Перед Йом-Кипуром, когда Господь Бог вписывает фамилии в книги жизни и смерти, во двор полиции въехали немцы на мотоциклах. Смеясь, соскочили с седел и вылезли из прицепных колясок, на которых были укреплены пулеметы с ручками. Они мылись у колодца с насосом и чистили зубы, выплевывая белую пену.
После их отъезда мы прислушивались, не раздастся ли снова рев моторов. Долго стояла тишина. Только в Йом-Кипур по тротуарам зацокали копыта. Это были казаки, избегавшие мостовой, вымощенной булыжником. Они заглянули к нам во двор и направились в здание полиции.
За ними пришли солдаты с рубиновыми звездами на островерхих шлемах и штатские в полувоенной одежде, которые выступали на митингах.
В кинотеатре объявили о присоединении Галиции к России. По улицам ходили люди с красными флагами. Из мегафонов звучала песня о трех танкистах и самураях. Русские скупили все, что было в магазинах. Даже за солью и спичками выстраивались очереди.
Панская улица стала улицей Сталина. (Однако все по-прежнему называли ее Панской.) Здание полиции занял НКВД. По ночам арестовывали людей. Во дворе, чтобы заглушить крики и выстрелы, рычали моторы грузовиков.
Отец стоял у окна в темной спальне и смотрел на дом по другой стороне улицы.
* * *
Почтальон принес бумагу[4], из которой следовало, что квартира на Панской для нас чересчур велика. Чтобы не пришлось впускать чужих, дедушка с бабушкой продали свой дом и перебрались к нам. Грузчики в ермолках внесли в салон кровать и комод с Волянки. Бабушка принесла мандолину и фотографию деда с медалью и саблей. Везде стояла их мебель. Высокий двустворчатый гардероб поставили в комнату прислуги. На него положили энциклопедию.

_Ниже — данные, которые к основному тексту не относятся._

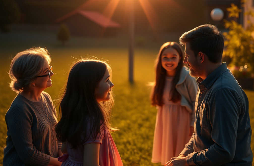 Світлом освітлюються галявина, предмет і люди, що виходять з кутка будинку. Це його сини з дружинами, внуками, кілька родичів, а також Оленка в супроводі довгого чоловіка в окулярах з товстими лінзами. У всіх в руках шарики, вони дують у трубочки й натискають кнопки, що випускають звукові балончики. Вони одночасно кричать, махають руками і обіймають його:
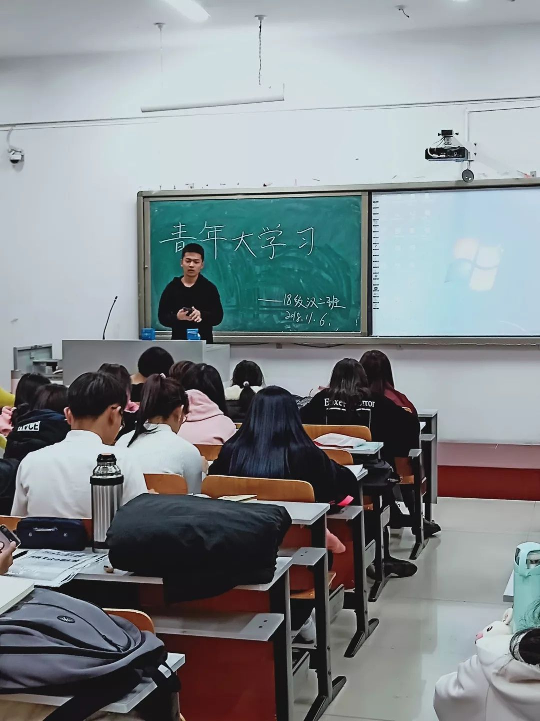 各团支部通过观看视频进行学习

Нефтяные компании были экспроприированы и объединены в один трест. Изменился даже алфавит. Дед, однако, писал в книгах по-старому, потому что цифры остались прежними. Русскую бухгалтерию он ненавидел: «Мошенники! За злотый дают рубль!»
В пятницу вечером, когда показывалась первая звезда, бабушка закрывала окно в столовой и затягивала шторы. Набросив на голову платок, она зажигала свечи в серебряном семисвечнике и водила над ними руками, будто хотела притулить к себе огоньки. На столе стоял свадебный сервиз родителей. На тарелках с супом были золотые узоры, похожие на скрипичные ключи. На блюде лежала вареная картошка. В плетеной корзинке — черный хлеб для отца и Мули. Нам чудилось, что кто-то ходит под окном.

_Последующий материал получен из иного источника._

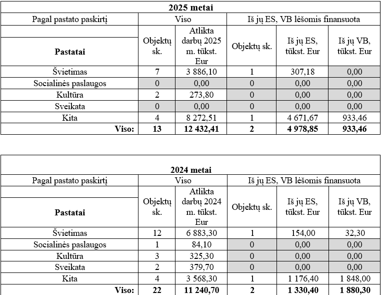 Pastatų segmente daugiausiai lėšų išleista švietimo srityje, kur iš 12,4 mln. eurų beveik 4 mln. išleista darželių, mokyklų, aikštynų ir kitų projektų tvarkymui. Visuose kituose objektuose padaryta darbų už 8,4 mln. eurų. Abejais metais investicijos buvo panašios – apie 12 mln. eurų kasmet.

— Кажется, они хорошо относятся к евреям, — шепнул дедушка, — но мацу печь нельзя.
— За Бугом[5] хуже, — сказал отец.
— Может, немцы опомнятся.
— Бросьте, папа!
В столовой пахло табаком «Вирджиния». Дедушка взял щепотку из жестяной баночки и долго нюхал. Потом всыпал табак в открытую медную трубочку, разровнял пальцем и захлопнул трубочку. Рядом стояла коробка с папиросными гильзами. Дедушка достал одну и, держа за картонный мундштук, всунул трубочку в пустую гильзу. Металлическим пестиком протолкнул табак, и готовая папироса упала на стол.
На другом конце стола отец смотрел на разноцветные ряды карт. Пасьянс не получился. Отец собрал карты и стал их тасовать.
— Табак кончается, — сказал дедушка. — Что будет?
— Махорка, — засмеялся отец.
* * *
В комнате для прислуги спала Нюся. Она была очень красивая, с большущими зелеными глазами. Утром, пока она завтракала, во дворе ждали мальчишки, чтобы понести ее портфель в гимназию. Дед поглядывал в окно.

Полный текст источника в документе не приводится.